Seit der "Schwarzwaldklinik" haben sich Krankenhausserien aus hiesiger Produktion fest im Programm etabliert und auch den Sternchen anderer Serienformate verschlägt es mal den Magen, im Krimi gleich für immer. Dafür, dass im Film-OP alles mit medizinisch rechten Dingen zugeht, sorgen Berater wie die "Flatliners".

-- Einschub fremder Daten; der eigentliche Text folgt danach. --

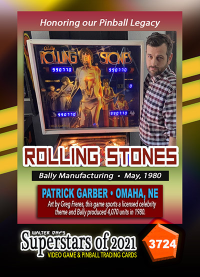 A subset of the Superstars of 2021, Our Pinball Legacy series of trading cards celebrates the 90th anniversary of the birth of coin-operated pinball (1931-2021). To honor this tremendous legacy, we invited more than 400 pinball aficianados to pose with their favorite pinball game for a trading card. And, on the back of the card, they wrote a 150-200 word biography, telling the story of their love for pinball while including in the text historical facts about the machine.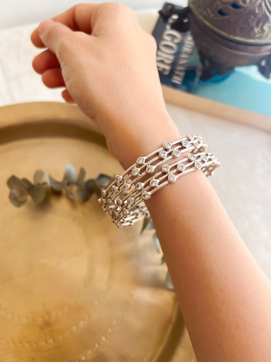 Tara mandal bangle in sterling silver with zircons (1pc)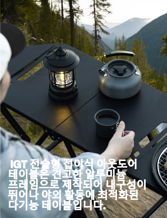 ● IGT 전술형 접이식 아웃도어 테이블은 견고한 알루미늄 프레임으로 제작되어 내구성이 뛰어나 야외 활동에 최적화된 다기능 테이블입니다.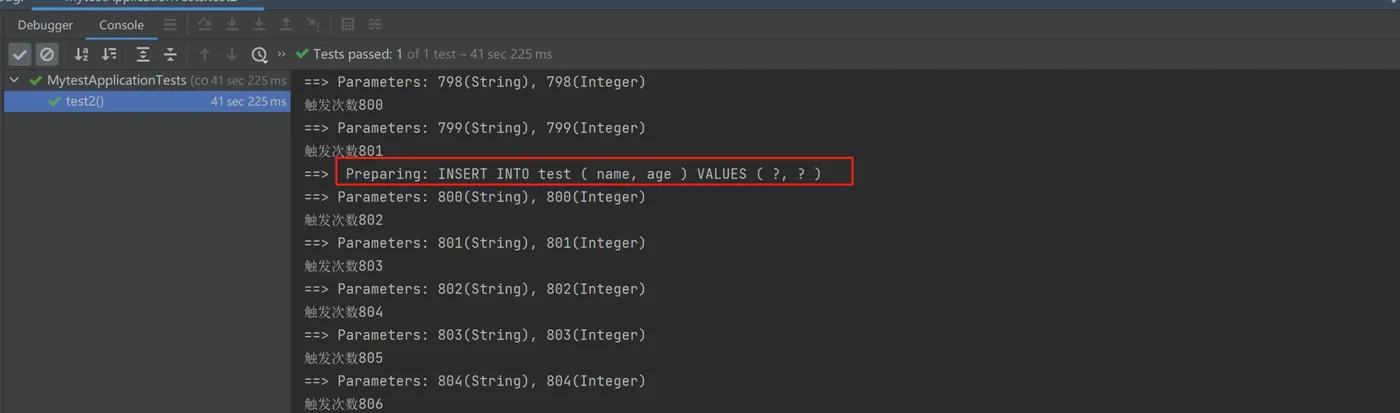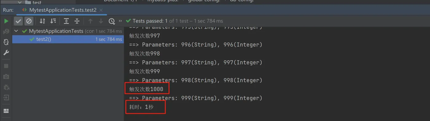 @Test void test2() { List<MyTest> list = new ArrayList<>(); for (Integer i = 0; i < 1000; i++) { MyTest test = MyTest.builder().name(i.toString()).age(i).build(); list.add(test); } long startTime = System.currentTimeMillis(); testService.saveBatch(list, 200); long endTime = System.currentTimeMillis(); System.out.println("耗时:" + (endTime - startTime) / 1000 + "秒"); }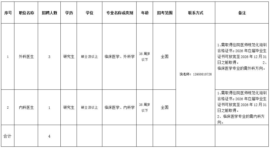 根据《事业单位人事管理条例》等有关规定,为及时补充医学专业技术人才,以促进新罗区医疗事业的发展,我院定于2025-2026年度赴高校公开招聘医学类紧缺急需专业毕业生,现将有关事项如下: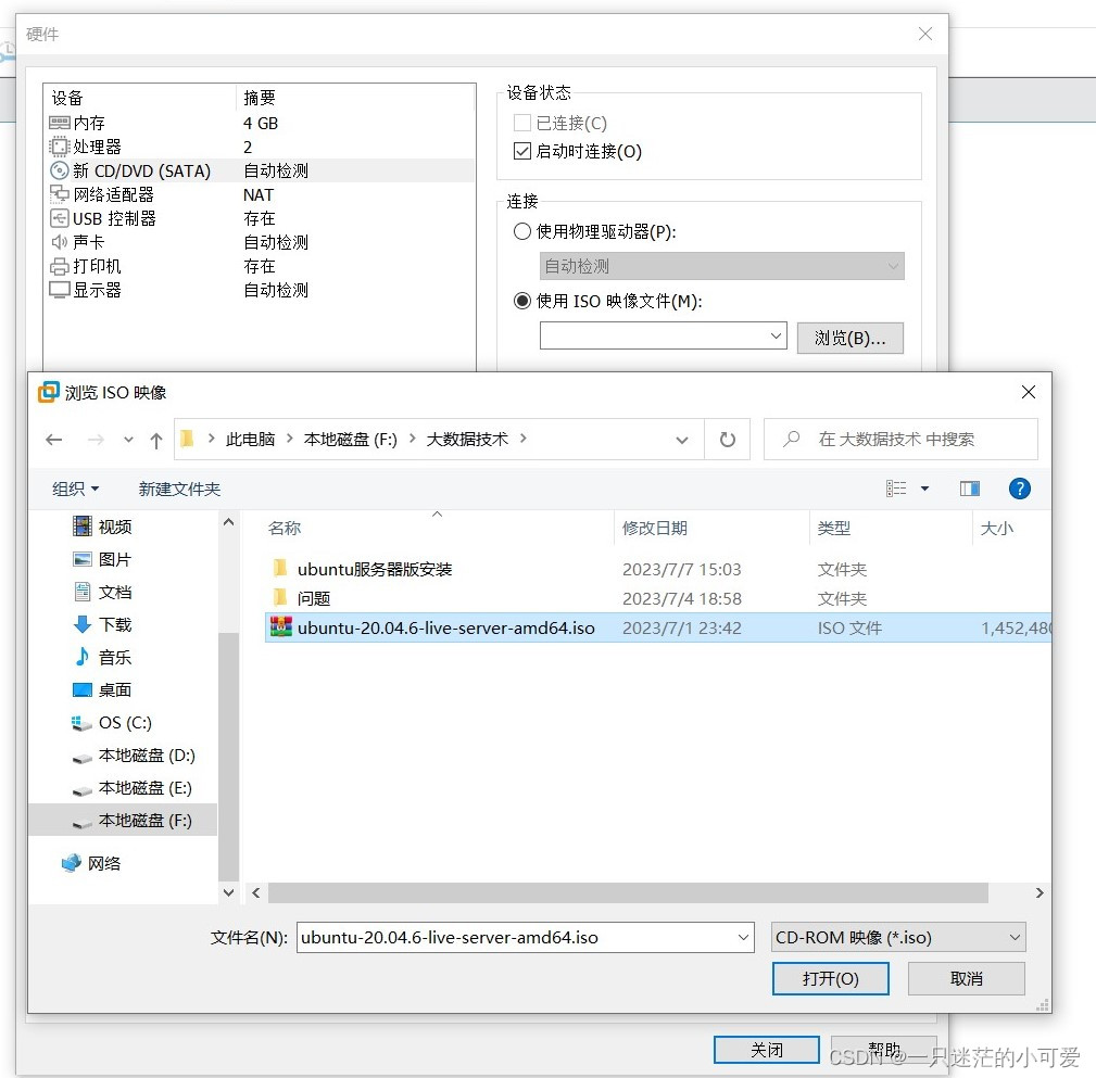 选择新CD/DVD(SATA)这一选项,插入之前下载的安装包,即ubuntu-20.04.6-live-server-amd64.iso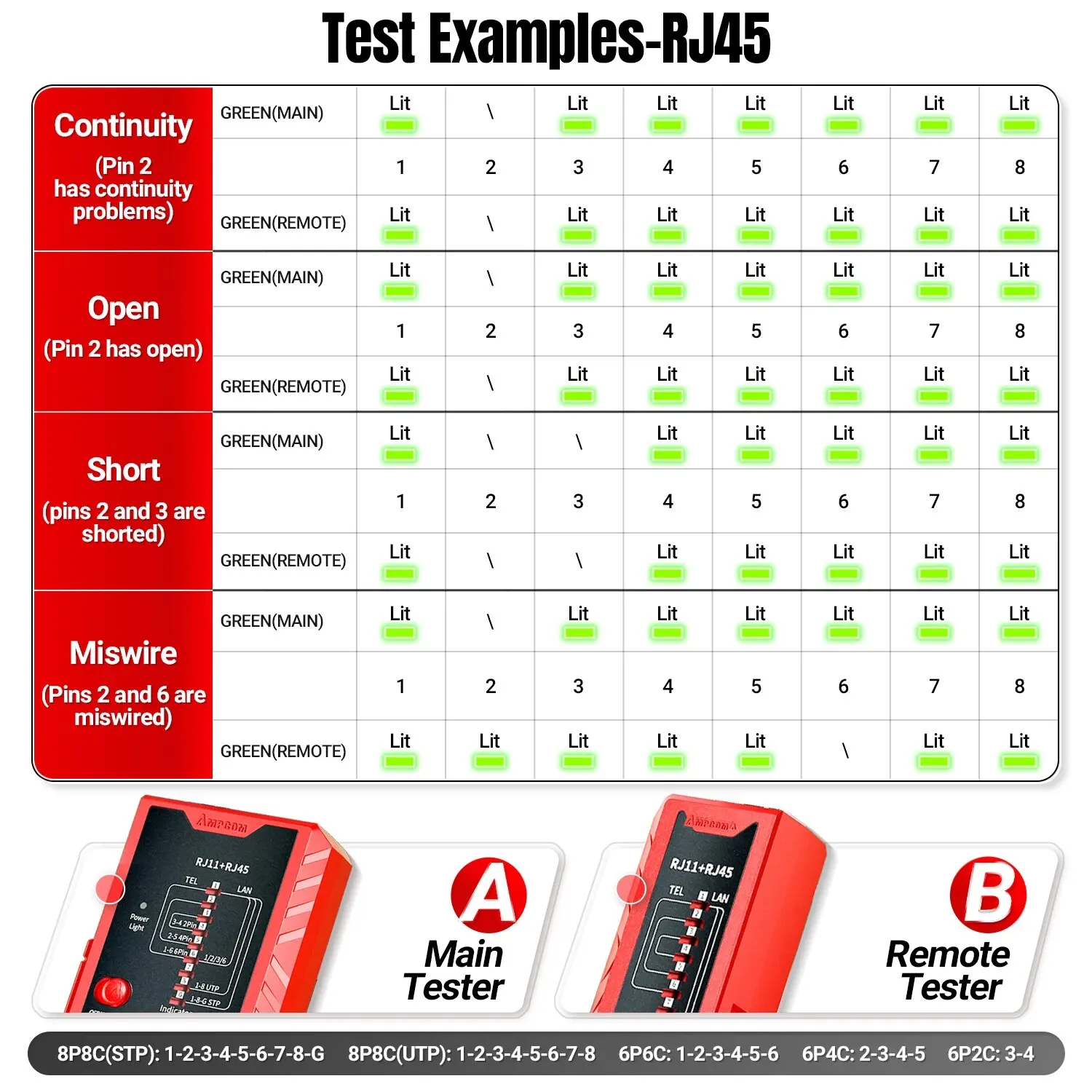 RJ11/RJ12/RJ14 전화선 및 RJ45 LAN 케이블용 케이블 테스터로 문제 있는 단락 개방형 전선 교차 쌍 및 기타 배선 오류를 찾아냅니다

Von Daniela Siebert | 21.01.2011
    Die Geschichte von "Flatliners" beginnt mit einem Studentenjob: Der Medizinstudent Jörg Meier beriet die Produktion der Vorabendserie "Herzschlag - Die Retter im OP" bei Dreharbeiten am Set und erkannte eine Marktlücke:

    "Die hatten natürlich alle Fragen, die es da so gibt: Wie geht eine Untersuchung der Lymphknoten? Wie halte ich als Arzt die Hände? Wie bediene ich die ganzen technischen Geräte? Fragen über Fragen und dann natürlich, weswegen es mich diese Firma hat gründen lassen: jemand liegt auf dem OP-Tisch und ist angeschlossen an das Narkosegerät, dann sagt das Narkosegerät als Erstes: Dieser Patient ist ja gar nicht bewusstlos! Und schaltet sich sofort ab."

    1999 gründete Jörg Meier daraufhin "Flatliners". Die Geschäftsidee: filmische und medizinische Wirklichkeit zusammen zu bringen. Damit beispielsweise das Narkosegerät im Film "kranke" Werte anzeigt, auch wenn ein "gesunder" Komparse angeschlossen ist oder das Ultraschallbild einen Embryo zeigt, obwohl die untersuchte Schauspielerin gar nicht schwanger ist.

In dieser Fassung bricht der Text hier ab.